Vanessa Barker ’20 and Cate Law ’19 Pawsible Inc.
It was a $500 mini-grant from the Do Good Institute that made “pawsible” Vanessa Barker’s initial goal of providing pet food and supplies to UMD students raising service dog puppies.
“The college experience is really amazing for these dogs, because they get to have all these experiences around campus that a working adult would have to try really hard to create,” says Barker. “But some of our peers were going hungry so they could buy dog food,” since puppy raisers assume all financial responsibility for the dogs for up to two years.
While her efforts with friend Cate Law didn’t win the 2019 Challenge, additional Do Good grants and Barker’s time as a
Do Good Accelerator fellow put
Pawsible on the path to become an official nonprofit in 2020—just in time to meet the growing financial need that emerged during the pandemic. Now,
Pawsible’s reach extends across the country, paying for vet bills, toys and other puppy-raising essentials to ensure people with disabilities continue to get the tail-wagging support they need.

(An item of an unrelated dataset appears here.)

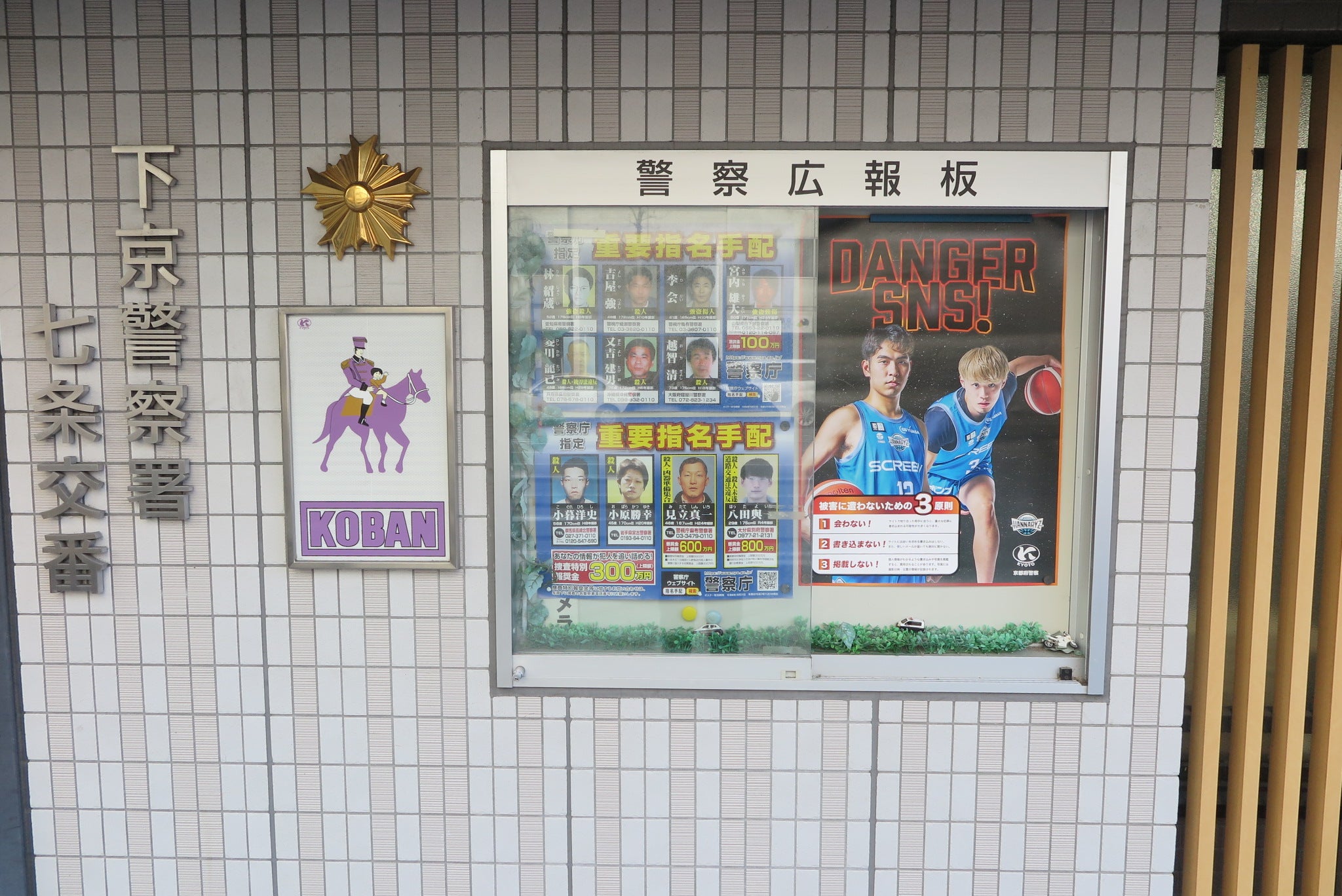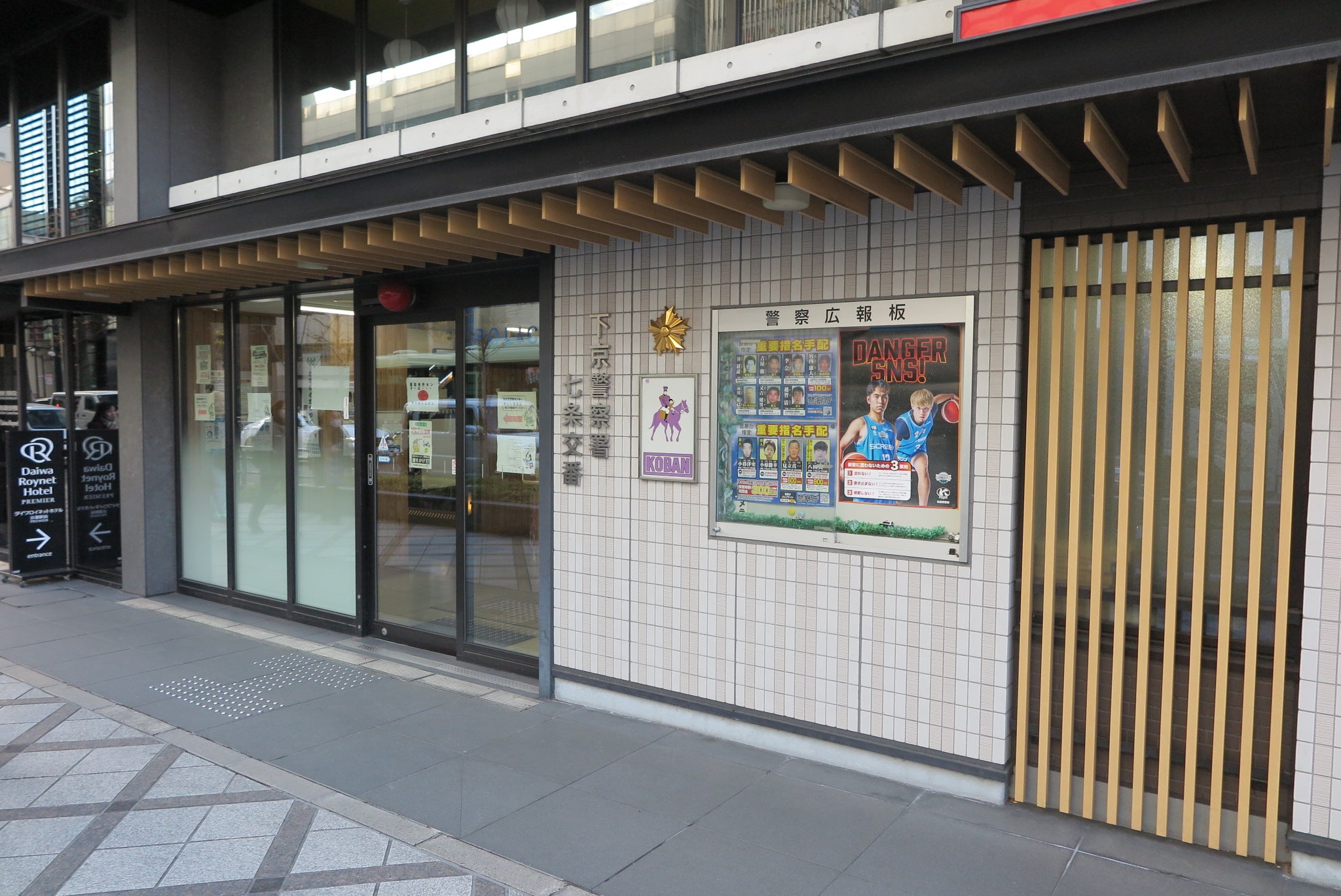 写真の施設は、京都市立四条中学校、下京警察署七条交番です。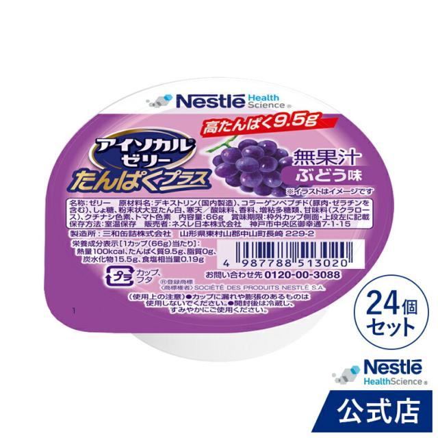 アイソカル ゼリー たんぱくプラス ぶどう味 66g × 24個セット 【ネスレ ゼリー デザート カップゼリー タンパク質 たんぱく質 健康食品 介護 介護食 栄養 栄養補助食品】

Audrey Awasom ’18 Noble Uprising
Audrey Awasom knew it was time to journey into entrepreneurship when she found herself doing more work on her passion project than her homework. “I wanted to know how I could create an actual organization and to scale the impact of the project.”
Enter the Do Good Institute. Using its grants, mentors and classes, she founded Noble Uprising, which provides food and sanitary items, basic literacy and soft skills education, and technical training to help women experiencing poverty get jobs and transform their lives. Her organization has delivered more than 9,000 care package items and served 87 women, and a partnership with the Prince George’s County Family Justice Center will expand its reach to hundreds of families.
The institute’s Impact Interns program has been a particular boon to Awasom as Noble Uprising has grown. Its research informed her 10-year growth plan and helped her expand programming, such as creating a network of food pantries women can access conveniently, without barriers like applications or appointments.
“We’re able to create programs that meet the needs of individuals where they are,” she says.